Justice of the Oklahoma Court of Civil Appeals
- In office September 1, 2011 – 2021
- Appointed by: Mary Fallin
- Preceded by: Doug Gabbard II
- Succeeded by: Gregory Blackwell

Personal details
- Born: Garnett, Kansas
- Spouse: Dr. Jean Thornbrugh
- Children: 5
- Alma mater: Emporia State University (B. A. Speech) 1968 University of Tulsa College of Law (Juris Doctor) 1974
- Occupation: Judge of Oklahoma Court of Civil Appeals
- Profession: Law

= P. Thomas Thornbrugh =

American lawyer

P. Thomas (Tom) Thornbrugh (Note: A document published by Emporia State shows that the initial P. stands for Paul.) is a judge on the Oklahoma Court of Civil Appeals. He was born in Garnett, Kansas. He graduated in 1968 from Emporia State University with a B. A. in speech, then enlisted in the U.S. Army. He was trained at Fort Benning, Georgia, then went to Vietnam, where he served with the 1st ARVN Division, and the 1st Signal Brigade at Khe Sanh during the 1971 Laotion invasion. He was honored with the Bronze Star and the Army Commendation Medal with Oak Leaf Cluster for his actions at Khe Sanh. He received an honorable discharge in 1971, and returned to the United States.

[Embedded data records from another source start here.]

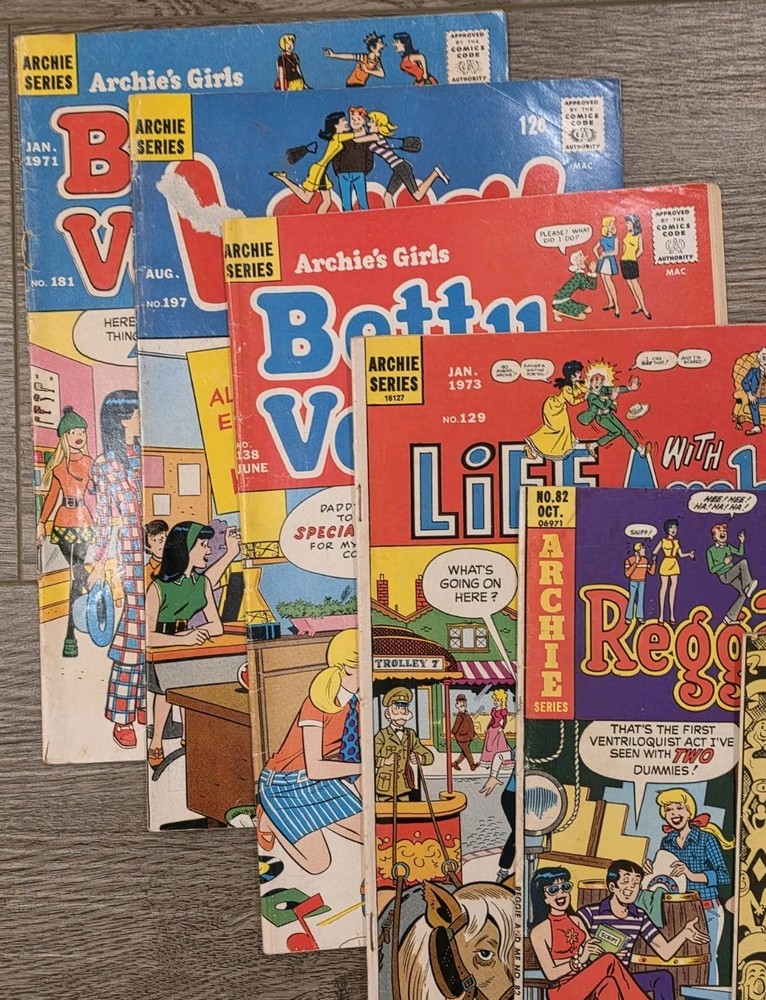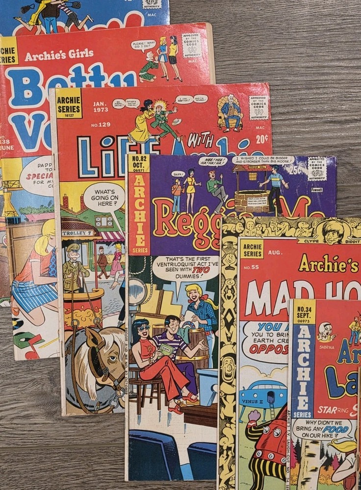 Archie Series (AS#) No. 21 Archie and Me (June 1968) No. 34 Archie's T.V. Laugh out (Sept 1975) AS#06975 No. 55 Archie's MAD HOUSE (August 1967) No. 82 Reggie and Me (Oct 1975) AS#06971 No. 129 Life with Archie (Jan 1973) AS#16127 No. 138 Archie's Girls Betty and Veronica (June 1967) No. 197 Laugh (Aug 1967) No. 181 Archie's Girls Betty and Veronica (Jan 1971) AS# This lot of 8 Archie Series comics features issues from the Silver Age era, focusing on beloved characters like Archie, Reggie, Veronica, and Betty. The comics are in English and published by Archie Comics in the United States. With a mix of humor and heartwarming moments, these comics are a must-have for any Archie fan looking to add to their collection of classic US comics. Get ready to relive the adventures of Archie and his friends in this delightful set of comics.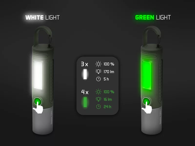 Il corpo della lampada è realizzato in plastica durevole e resistente alle intemperie, che resiste allo stress meccanico e agli effetti ambientali esterni. La batteria Li-ion integrata di tipo 18650 con una capacità di 2200 mAh e una tensione di 3.7 V fornisce energia sufficiente per un massimo di 24 ore di funzionamento. La ricarica avviene tramite una porta USB-C, con l'aiuto del cavo in dotazione, e richiede circa 3 ore. Il livello di carica è indicato dall'indicatore LED integrato nel pulsante di accensione, in modo da poter sempre monitorare con precisione lo stato della batteria.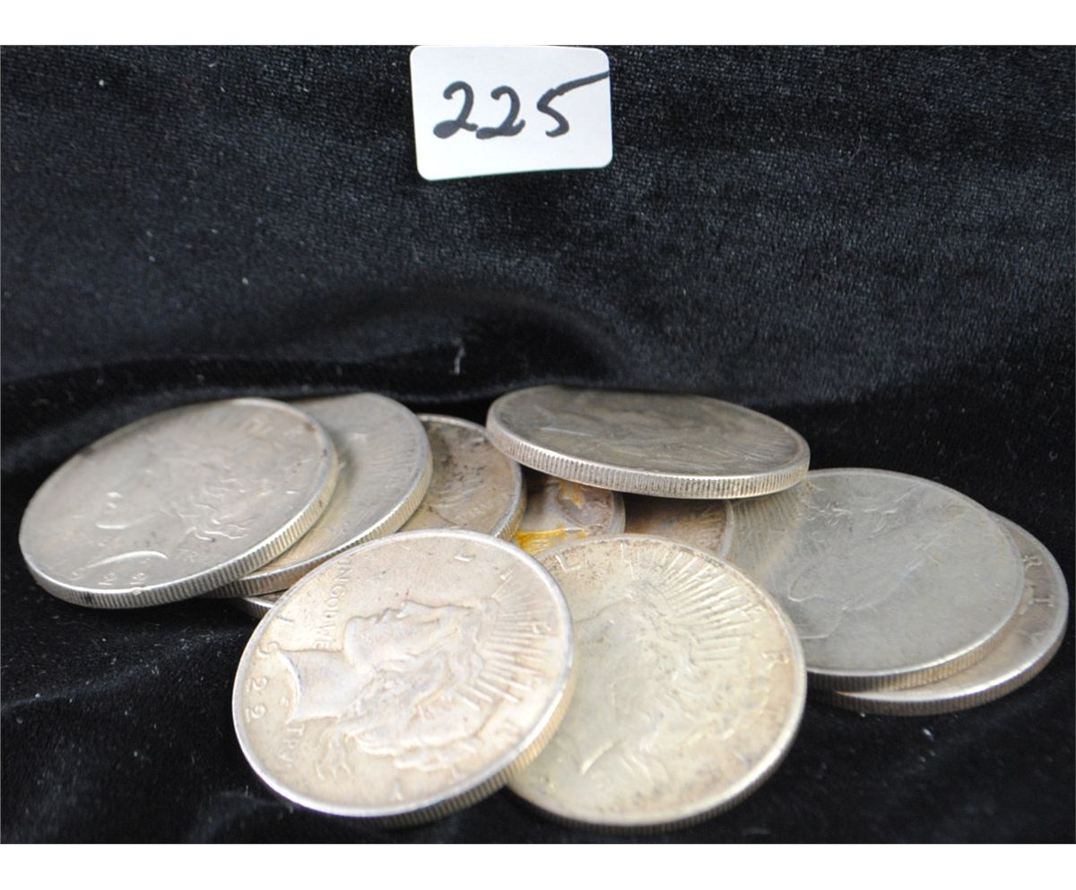 10 PEACE DOLLARS FROM SAFE DEPOSIT - MIXED DATES AND MINTS - SOLD PER COIN TIMES 10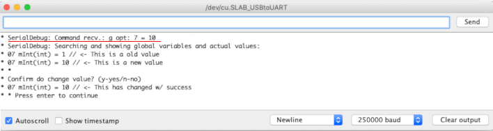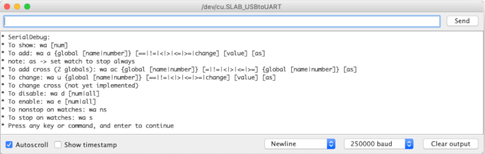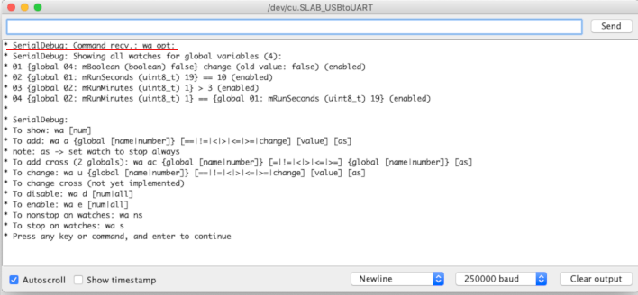 In this second article you’ve learned how to use the Simple software debugger commands of the SerialDebug library in the Arduino IDE to list and run functions, list and change global variables and set watches.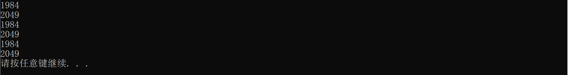 #include <stdio.h> #include <stdlib.h> #define N 4 int main() { int x[N] = {1, 9, 8, 4}; int i;int *p; // 方式1:通过数组名和下标遍历输出数组元素 for (i = 0; i < N; ++i) printf("%d", x[i]); printf("\n"); // 方式2:通过指针变量遍历输出数组元素 (写法1) for (p = x; p < x + N; ++p) printf("%d", *p); printf("\n"); // 方式2:通过指针变量遍历输出数组元素(写法2) p = x; for (i = 0; i < N; ++i) printf("%d", *(p + i)); printf("\n"); // 方式2:通过指针变量遍历输出数组元素(写法3) p = x; for (i = 0; i < N; ++i) printf("%d", p[i]); printf("\n"); system("pause"); return 0; }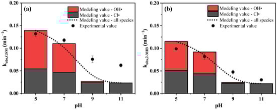 The solution pH that is directly associated with the existing forms of active species has been recognized as a vital factor in the UV-assisted photo-electrochemical process [32]. The contributions of HO• and Cl• radicals to the degradation of GSM and 2-MIB at different pH values in the photo-electrochemical process are shown in Figure 3. A similar tendency of the apparent rate constants was observed among the experimental and predicted values. With increases in the pH value from 5 to 11, the rate constants for the degradation of GSM and 2-MIB decreased from 0.132 min−1 and 0.099 min−1 to 0.0622 min−1 and 0.0302 min−1, thus decreasing by 52.9% and 69.5%, respectively. It has been reported that the formation of different radicals was significantly influenced by the solution pH. The concentrations of HO• and Cl• declined markedly when the pH increased from 7 to 10, especially for HO• [33]. Additionally, HO• has a lower oxidation potential at higher pH values [34]. It can be obtained from the modeling that the relative contributions of HO• to the degradation of GSM and 2-MIB were 61.08% and 55.8% at pH 5 but decreased to 0.11% and 0.09% at pH 11, respectively. The presence of Cl• played a more important role in GSM and 2-MIB degradation at pH 9 and 11 in the photo-electrochemical process. Liu et al. [35] also suggested that the degradation of sulfapyridine caused by HO• and Cl• showed significant differences at different pH values. When the pH increased from 4 to 10, the removal of sulfapyridine through HO• and Cl• was distinctly inhibited.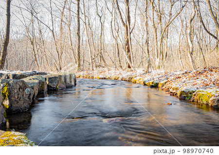 北海道苫小牧市、錦大沼公園内の小川を渡るエゾシカ【3月】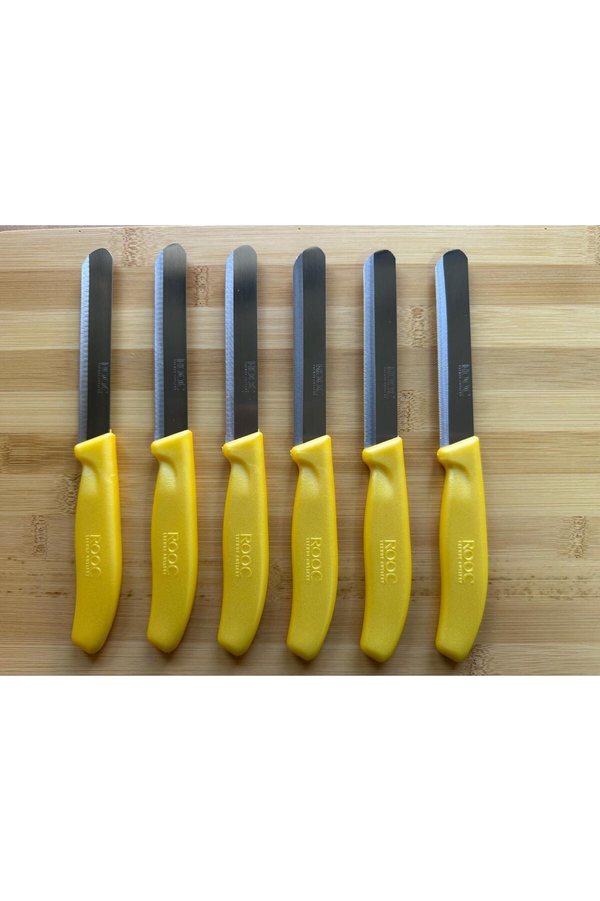 6'lı Ultra Keskin Tırtıklı Bıçak Seti, Parlak Sarı, 22 Cm %100 Garantili Paslanmaz Çelik 6'lı Ultra Keskin Tırtıklı Bıçak Seti, Parlak Sarı, 22 Cm %100 Garantili Paslanmaz Çelik MKR-213 تک سایز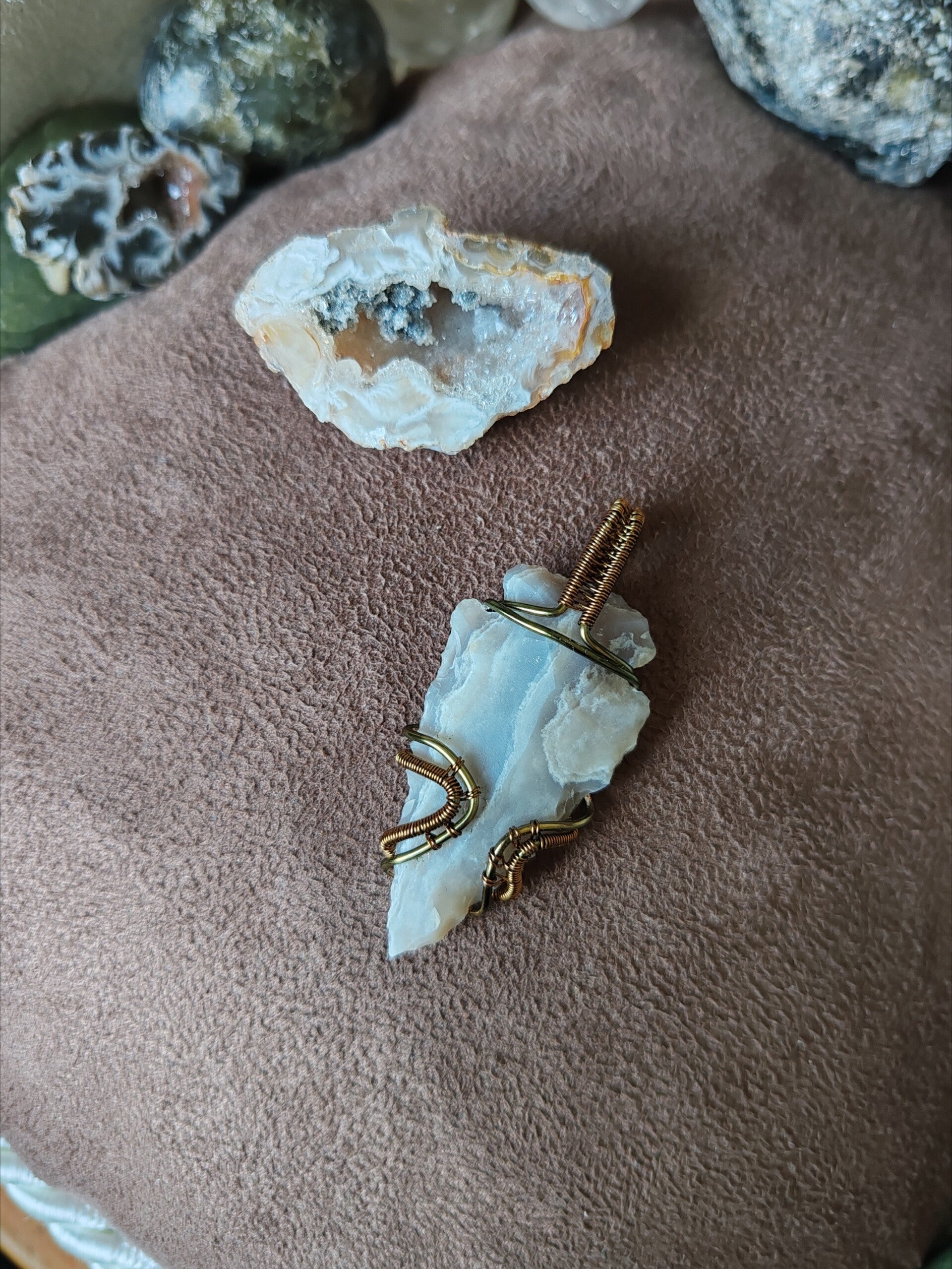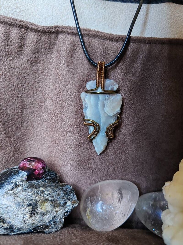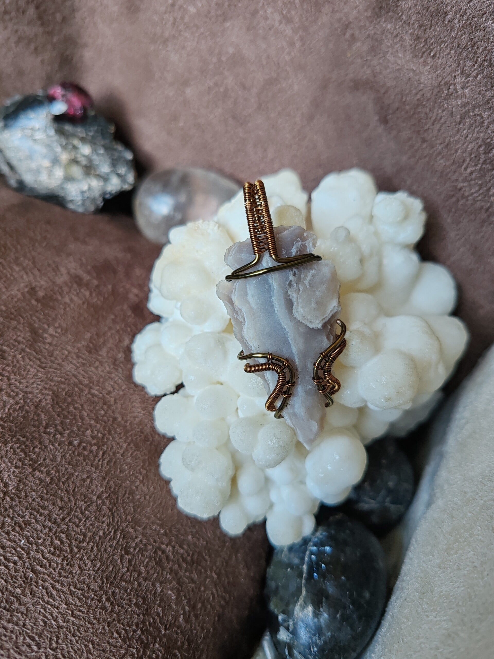 J'utilise du fil de cuivre, teinté ou non, traité antioxydant ou non, de laiton et d'aluminium. Avec le temps, ces matériaux s'oxydent, et patinent le bijoux. Certains aiment et d'autres pas, il est possible de les nettoyer avec de la laine d'acier 0000 et de l'eau savonneuse, afin de leur rendre leur brillance d'origine. Pour limiter l'oxydation, je vous recommande de ne pas prendre de douche avec votre bijoux, d'éviter de le mouiller. Pour certaines pierres, les variations de températures sont déconseillées et risqueraient de les endommager à long terme.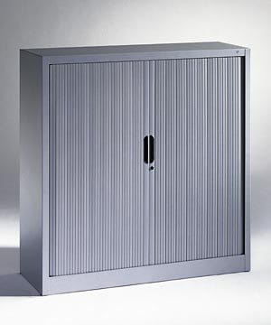 Metalowa szafa aktowa z drzwiami żaluzjowymi. Wymiary: W 1345 x S 800 x G 420 mm - 3,5 rzędów segregatorów. Korpus wykonany z podwójnej blachy stalowej, każda warstwa o gr. 1,0-0,8 mm pokrywana farbą proszkową, bezgłośnie pracujące drzwi żaluzjowe z tworzywa sztucznego, otwierane poziomo, w pełni chowane w korpusie szafy, zamek cylindryczny z 2 kluczykami, wewnątrz 4 metalowe przestawne półki, przystosowane do zawieszania teczek A4, nośność półki ok. 50 kg przy równomiernym rozłożeniu ciężaru.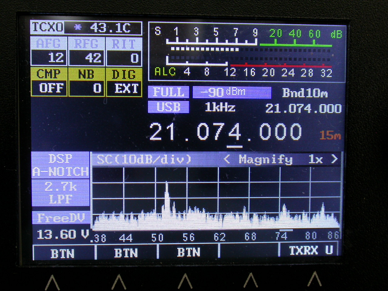 If your HS1 says anything else than perhaps the quirks are either fixed, or at least different. I tested with a Raspberry Pi 4 running Raspbian Buster, running FLdigi and FLrig, and WSJT-X. Both of these work OK with my FT897 and a G4ZLP interface, but the HS1 needs neither - you can use the mini USB connector on the side. If you want to use the USB audio input, then look at the picture above. That says MIC in the little group of boxes on the top left. You ain’t going nowhere with that. You want it to look like below. Diddle with button M3 (confusingly marked RIT) until you get EXT to appear, and correspondingly diddle with M1 to make CMP say OFF. RIT and NB also want to be 0.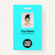 Easily personalize this Custom Employee Name Badge with Photo, Scan Bar Code and business logo. A simple business design in playful bright vibrant light blue and white colours fully customizable in front and back sizes, sans-serif basic and modern fonts and a professional and clear look. Avaiable with lanyard, metal clip or with retractable. No minimum order.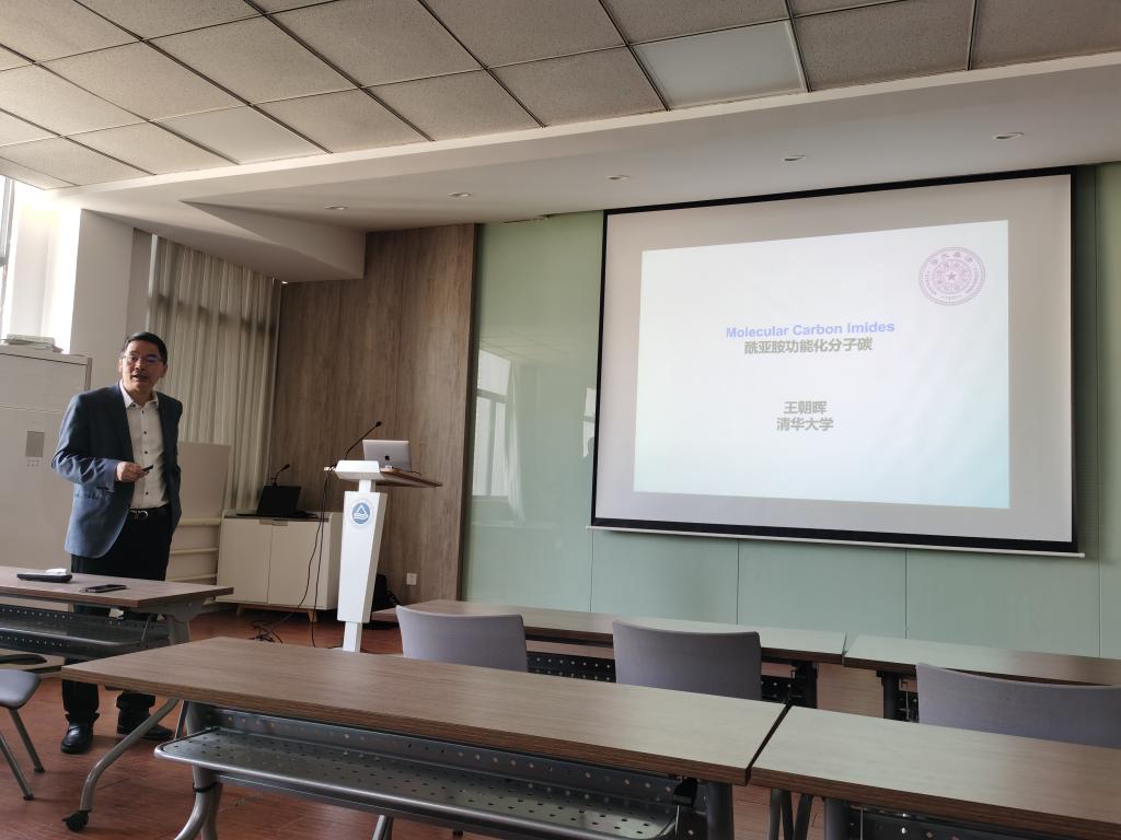 董亮亮副教授主持了该报告会,对王朝晖教授和杨晓伟教授的来访致以热烈的欢迎,学院众多师生参加了报告会。王朝晖着重介绍了分子碳对揭示碳纳米材料结构性能构效关系具有十分重要的意义,系统介绍了团队近年来基于核心稠环结构-莱啉(Rylene)酰亚胺的相关研究工作,并指出这类分子基纳米碳具有合成灵活、结构可定制、性能多样、加工性能和稳定性优异等特点,王朝晖逐层递进,激发了在场老师同学的学习兴趣,讲座结束后,王朝晖就该领域的相关问题同参会老师和同学们进行了交流讨论。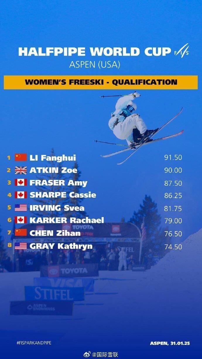 自由式滑雪U型場(chǎng)地世界杯阿斯本站資格賽女子組比賽時(shí)間(北京時(shí)間)為2月1日凌晨。谷愛凌因傷缺席本站比賽,陳紫菡和李方慧攜手晉級(jí)決賽。

Deciding to pursue a civilian career in law, Thornbrugh earned a Juris Doctor degree from the University of Tulsa in 1974, followed by an opportunity to work on the Washington staff of Senator Dewey Bartlett. He entered private practice in Oklahoma for 20 years, then was appointed as a District Judge. In 1997, he was appointed to the Oklahoma Court of Civil Appeals. He has since stood for retention three times. Once, he had no opposition, and twice he was opposed, but won retention with approvals exceeding 60 percent.

Thornbrugh's legal career is notable for at least two reasons: One, his colleagues and peers voted him Trial Judge of the Year in 2011; Second, he discovered that the defendant in one case (Helmerich & Payne) had substantially underreported its interest and profits, allowing the defendant to withhold millions of dollars from royalty owners and investors. The court concurred and forced payment to the rightful owners.

==Education and early legal career==
Thornbrugh enrolled in the University of Tulsa College of Law. While at Tulsa, he was on the Dean's Honor Roll and Res Nova law review. After graduating from law school in 1974, he went to work in Washington, D.C., on the staff of Senator Dewey F. Bartlett (R-OK) for three years. Returning to his home state, he had a private law practice in Oklahoma for the next 20 years.

==On the bench==
Governor Frank Keating appointed him as a district judge for the 14th Judicial District in 1997. (Note: The 14th District includes Tulsa County, which meant that he served as Municipal Court Judge for the cities of Tulsa and Bixby.) During the next 15 years, his colleagues elected him as Presiding Judge of the District, President of the Assembly of Presiding Judges and as a member of the Oklahoma Judicial Conference Executive Committee. the Oklahoma Association for Justice named him Trial Judge of the Year in 2011.

Judge Thornbrugh is an adjunct professor at the University of Tulsa School of Law.

==A significant decision==
A notable decision made by Judge Thornbrugh in 2009, occurred during review of a case between Tulsa-based energy services company, Helmerich & Payne (H&P), and oil royalty owners in Beckham County, Oklahoma, in which the trial court had ordered H&P to pay the royalty owners $68.5 million in damages. (Note: The case had been filed in the trial court 1998.) The judgement was appealed, and came before Judge Thornbrugh, who determined that the previous award was erroneous because, "... the jury had under-calculated the amount of interest and profits the energy company had made." He asserted the proper award should be $126 million.

Thornbrugh filed for retention in the 2010 election. He was automatically returned to the bench because no one ran against him.

Governor Mary Fallin appointed Judge Thornbrugh to fill a vacancy on the Oklahoma Court of Civil Appeals in September 2011. The judge ran again in 2012. This time he had opposition, but was retained with approval of 67.3 percent of the voters. Voters retained him again in 2016 with 61.04 percent approving.

==Personal==
Judge Thornbrugh is married to Dr. Jean Thornbrugh, who is Dean of the College for Working Adults at St. Gregory's University. The couple have five adult children.

==Honors==
Thornbrugh was one of four graduates named as 2013 Distinguished Alumni by Emporia State University.